Nevada’s Mandatory Arbitration Program

I recently attended the Broadway play Hamilton.  In that play, King George, III provides comic relief.  Following the portrayal of England’s loss in the Revolutionary War, King George takes on somewhat of a third-party neutral roll when commenting on the United States’ actions post-secession from the UK.  I often get asked questions about the third-party neutral process, including what the word “arbitration” means.  Some people or jurisdictions consider arbitration and mediation to be similar.  Although both arbitration and mediation are included under the alternative dispute resolution umbrella in Nevada, an arbitrated case is still one that is litigated in this jurisdiction.  Here, an arbitrated case generally includes the appointment of an arbitrator who serves as the trier of fact, or the judge.

Other arenas use also use arbitrators as well.  For example, in Major League Baseball, once a player accrues enough “service time,” or playing time in the majors, he can file for salary arbitration.  During the first few years of a player’s time in the major leagues, he will generally earn the league minimum for salary, unless he has a whopping endorsement.  However, once his service time is sufficient, he can file for arbitration in an attempt to increase his salary based on his performance so far.

The MLB arbitration process includes neutral parties who sit with the player, the player’s agent, and the player’s major league team.  The arbitrators hear arguments from both sides about the reasonable value of the player’s salary for the next season.  Once the arguments are made, the arbitrators accept either the player’s offer or the teams offer, and both parties move forward with the decision that is binding on both sides regarding the player’s salary.

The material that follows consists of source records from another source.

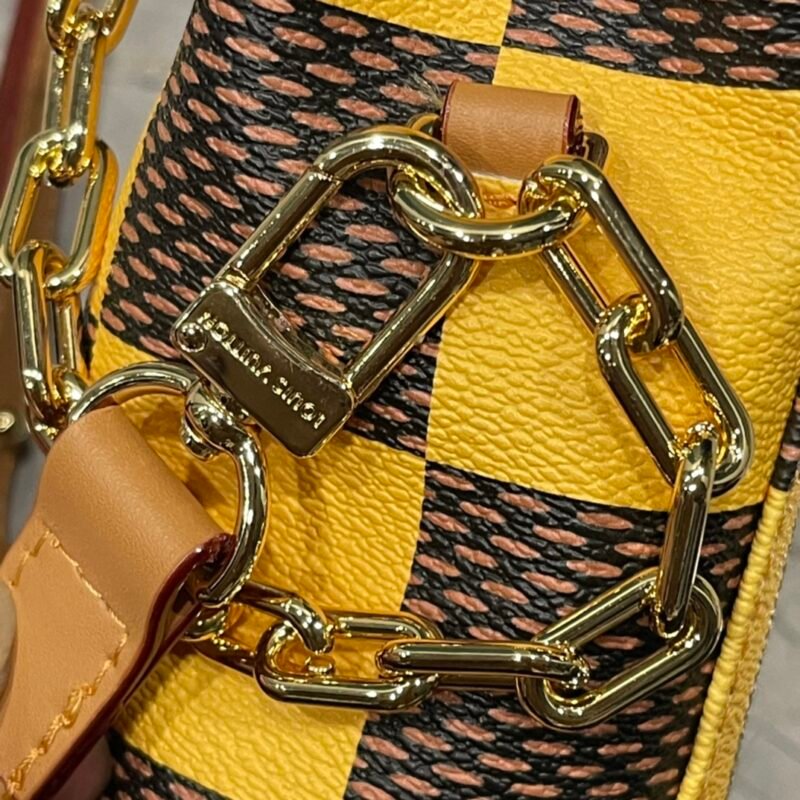 这款手袋出自品牌与Tyler的合作系列。它以Monogram Craggy帆布打造了Steamer手袋的口袋版。艺术家赋予Monogram图案手绘效果。牛皮用于修饰和加固护角、肩带和翻盖。
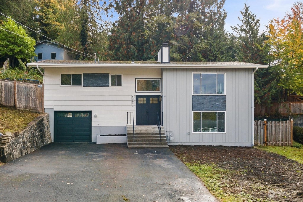 Welcome home to this beautifully updated split-level in the sought after Lake Kitsap community! Features new luxury vinyl plank flooring and fresh paint throughout. Modernized bathrooms. The upper level boasts an open-concept living space, true great room with cozy fireplace and a completely updated kitchen. The lower level includes bedroom and versatile bonus room. Step outside to enjoy mountain views from the refreshed deck or relax on the covered patio in your fully fenced backyard. Located in a quiet cul-de-sac near Kitsap Lake, this home offers easy access to PSNS, Bangor, Silverdale shopping, and Seattle ferries. Close proximity to parks, schools and the Kitsap Golf Club.
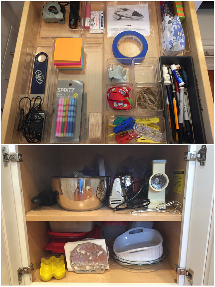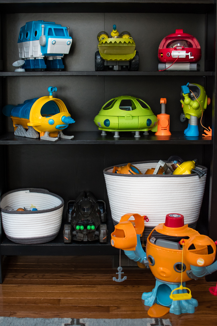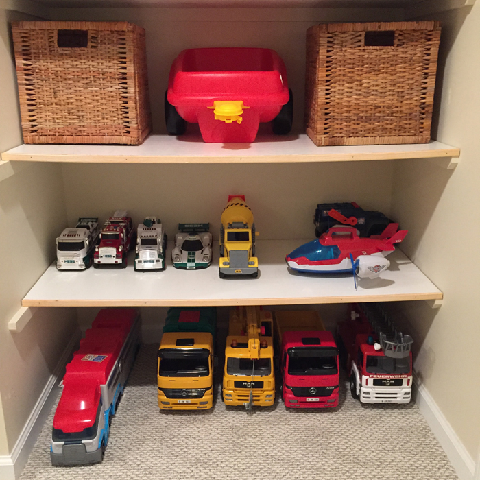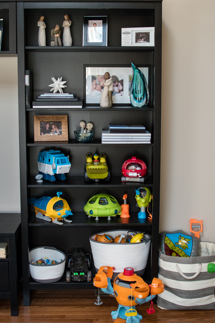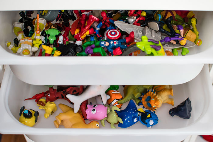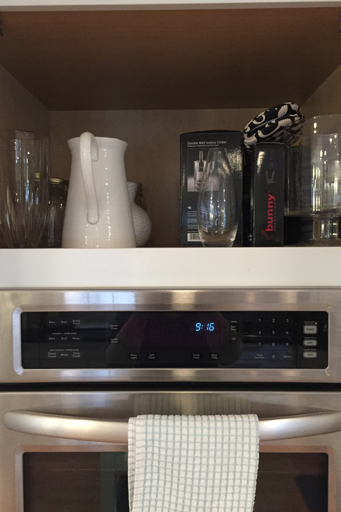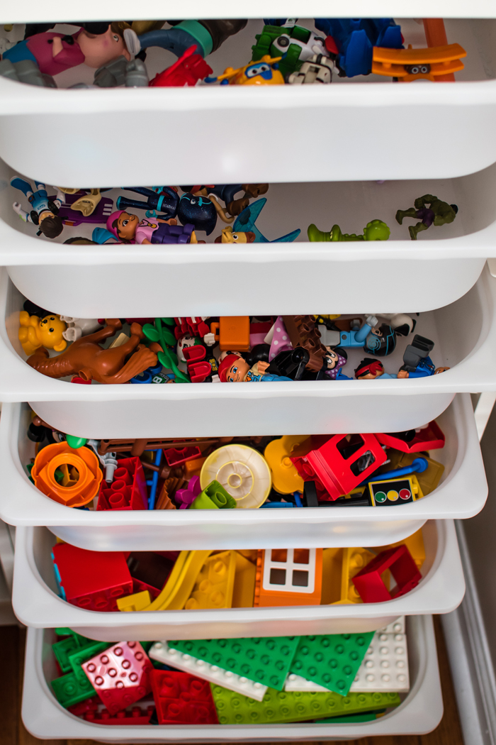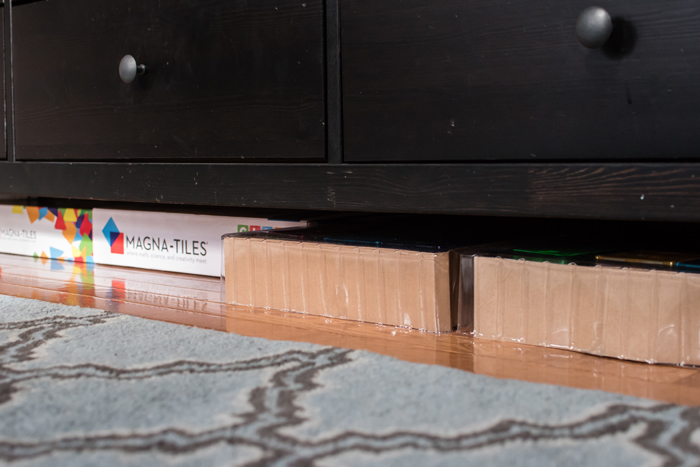 In addition to extra cleaning supplies, I also keep Noah's swim bag in the linen closet. I find it easy to just empty Noah's wet towels and swim suit into the washing machine, and then refill the bag as soon as everything has dried. It's so much easier knowing I'm prepared for the next week's class.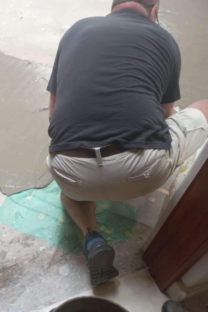 Marking Out Where the Heaters will be InstalledCoating Floor with Key CoatLaying Out the HeaterChasing for Power CablesCovering Heater with Resin MeshScreeding Floor with Tile AdhesiveInstalling ThermostatWiring Thermostat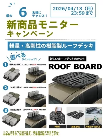 【キャンペーンサイト】:[モニターキャンペーン][新製品]軽量・高剛性の樹脂製ルーフデッキ 『ルーフボード』|株式会社カーメイト 公式企業サイト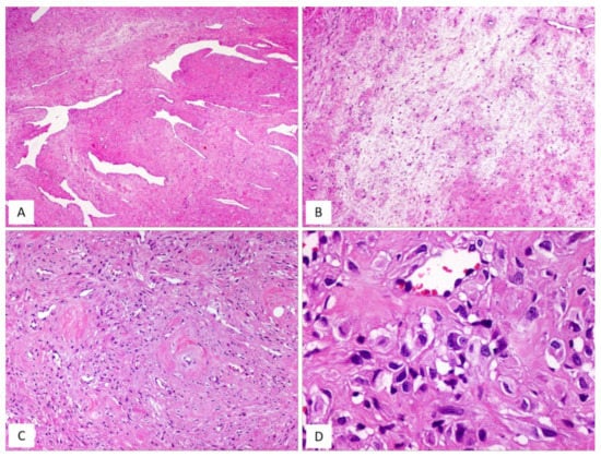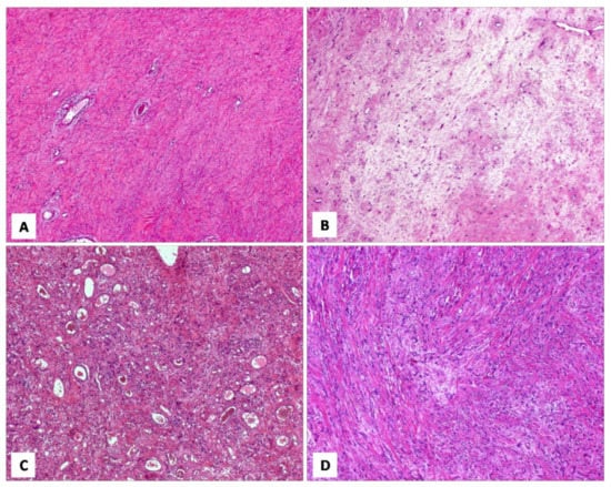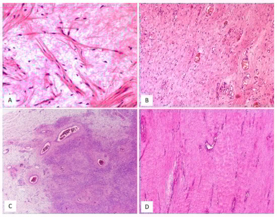 The category of the “stromal tumours of the lower female genital tract” covers a wide spectrum of lesions with variable morphological and immunohistochemical heterogeneity. They arise from the specialized, hormonally responsive stroma of the lower female genital tract, and, based on morphological and immunohistochemical features, at least four tumour entities can be nosologically recognized: (i) deep (aggressive) angiomyxoma (DAM); (ii) cellular angiofibroma (CAF); (iii) angiomyofibroblastoma (AMFB) and (iv) myofibroblastoma (MFB) [1,2]. Among these tumours, it is crucial to distinguish DAM from the others due to its relatively high risk of local recurrence. Differential diagnosis between these entities is usually straightforward if the typical morphology and clinicopathologic features are encountered. However, some tumours may share several morphological and immunohistochemical features, along with unusual morphologies, raising serious differential diagnostic problems. As MFB, CAF and AMFB may also share chromosomal aberrations, namely a 13q14 deletion (MFB and CAF) or MTG1–CYP2E1 fusion transcripts (AMFB and MFB), it is likely that they are histogenetically related, as previously suggested [3,4,5]. Notably, a recent article emphasized the possibility that CAF may occur with other mesenchymal tumours showing the same 13q14 deletion, such as spindle-cell lipoma and mammary-type MFB [6].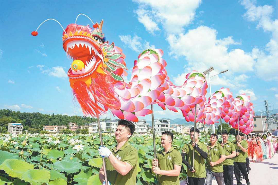 深挖本地资源潜力,新丰县丰城街道龙围村邻长胡斯喜(左一)带头打造“荷花龙非遗项目+特色农业”融合发展模式,为乡村振兴注入活力。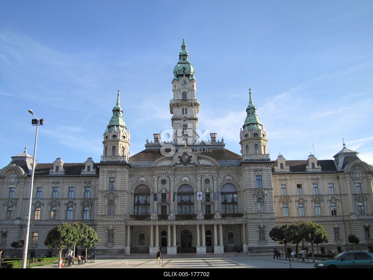 Győr, 2014. október 19.The Town Hall of Győr. It is 85 meters long, 40 meters wide, and the tower is 59 meters high. It was built according to the plans of Jenő Hübner between 1896-1900.A győri városháza. Hosszúsága 85 méter hosszú, 40 méter széles, a torony magassága 59 méter. Hübner Jenő tervei szerint épült 1896-1900 között.

In Nevada, the arbitration process is governed by rules set forth by the Nevada Supreme Court.  In the arbitration program a claimant cannot receive an award in excess of $50,000, exclusive of fees and costs.  Thus, if a case has a potential value that cannot exceed $50,000 at any trial, the claim will go forward in the arbitration program.

Similar to MLB, the arbitration program appoints a neutral third-party to be the judge.  The “judge” is usually a practicing attorney who has knowledge regarding the type of dispute that was brought in the arbitration program.  Appointed arbitrators must have a minimum number of years’ experience as a practicing attorney, and understand discovery and trial rules.  The arbitrator is actually given many powers that an appointed or elected judge has in order to make rulings on discovery issues leading up to trial.  The arbitrator also becomes the trier of fact at the trial.  An arbitration trial is often referred to as an arbitration hearing.

A case will move forward in the arbitration program automatically unless it qualifies for an automatic exemption, or the plaintiff’s attorney seeks to exempt it from the program.  The automatic exemptions from the arbitration program include the following:

“class actions, appeals from courts of limited jurisdiction, probate actions, divorce and other domestic relations actions, actions seeking judicial review of administrative decisions, actions concerning title to real estate, actions for declaratory relief, actions governed by the provisions of NRS 41A.003 to 41A.069, inclusive, actions presenting significant issues of public policy, actions in which the parties have agreed in writing to submit the controversy to arbitration or other alternative dispute resolution method prior to the accrual of the cause of action, actions seeking equitable or extraordinary relief, actions that present unusual circumstances that constitute good cause for removal from the program, actions in which any of the parties is incarcerated and actions utilizing mediation pursuant to Subpart C of these rules.”  See ADR Rule 3(A).

If the case does not fit within one of these automatic exemptions, then the filing attorney must seek for removal of the case from the arbitration program within 20 days of the defendant filing an Answer to the Complaint.  See ADR Rule 5(A).  The arbitration commissioner then makes a decision as to whether he or she believes the case merits being exempted from the arbitration program, thus removing the award cap of $50,000.

There are several benefits to having your case proceed in the arbitration program.  For one, cases in that program proceed through the system much faster than if a case were to be brought in the regular course of District Court.  In the arbitration program, cases are generally heard and decided on by the arbitrator within six to nine months.  In District Court, it is not unheard of for a case to take two to three years before it is tried in front of a jury (or a judge).

Other benefits include a more relaxed atmosphere at an arbitration hearing and during the discovery process.  However, even though the arbitration process is generally a bit more relaxed, claimants still feel like they have been given their day in Court in front of someone who is vested with even temporary judicial authority.

For easier access, the ADR rules can also be found here, although the Supreme Court’s version is preferable in case changes are made in the future.